Dataset section:
---

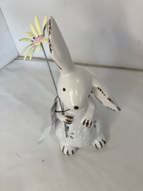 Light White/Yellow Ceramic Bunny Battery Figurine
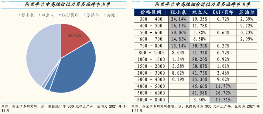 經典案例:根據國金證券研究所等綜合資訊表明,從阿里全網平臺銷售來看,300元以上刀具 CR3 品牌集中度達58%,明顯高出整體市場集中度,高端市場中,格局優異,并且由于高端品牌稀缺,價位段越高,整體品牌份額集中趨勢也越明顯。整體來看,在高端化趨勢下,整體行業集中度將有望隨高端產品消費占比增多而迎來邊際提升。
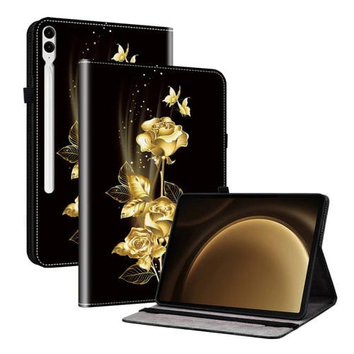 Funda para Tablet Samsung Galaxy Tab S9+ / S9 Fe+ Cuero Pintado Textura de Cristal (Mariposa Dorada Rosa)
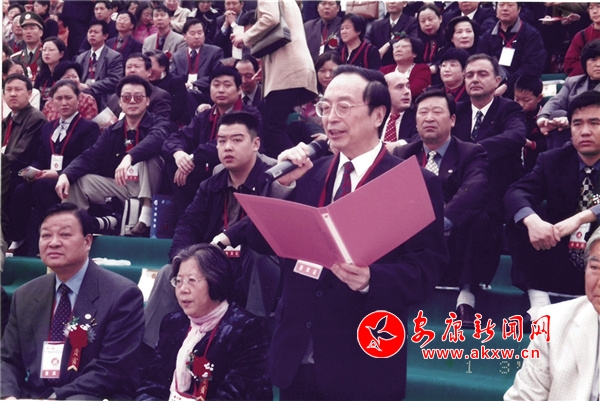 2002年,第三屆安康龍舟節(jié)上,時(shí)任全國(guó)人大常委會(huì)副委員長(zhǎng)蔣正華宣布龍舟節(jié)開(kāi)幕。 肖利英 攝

---

Brief: All of the material above is to be retyped exactly, with no pictures included.

Response:
 Light White/Yellow Ceramic Bunny Battery Figurine
 經典案例:根據國金證券研究所等綜合資訊表明,從阿里全網平臺銷售來看,300元以上刀具 CR3 品牌集中度達58%,明顯高出整體市場集中度,高端市場中,格局優異,并且由于高端品牌稀缺,價位段越高,整體品牌份額集中趨勢也越明顯。整體來看,在高端化趨勢下,整體行業集中度將有望隨高端產品消費占比增多而迎來邊際提升。
 Funda para Tablet Samsung Galaxy Tab S9+ / S9 Fe+ Cuero Pintado Textura de Cristal (Mariposa Dorada Rosa)
 2002年,第三屆安康龍舟節(jié)上,時(shí)任全國(guó)人大常委會(huì)副委員長(zhǎng)蔣正華宣布龍舟節(jié)開(kāi)幕。 肖利英 攝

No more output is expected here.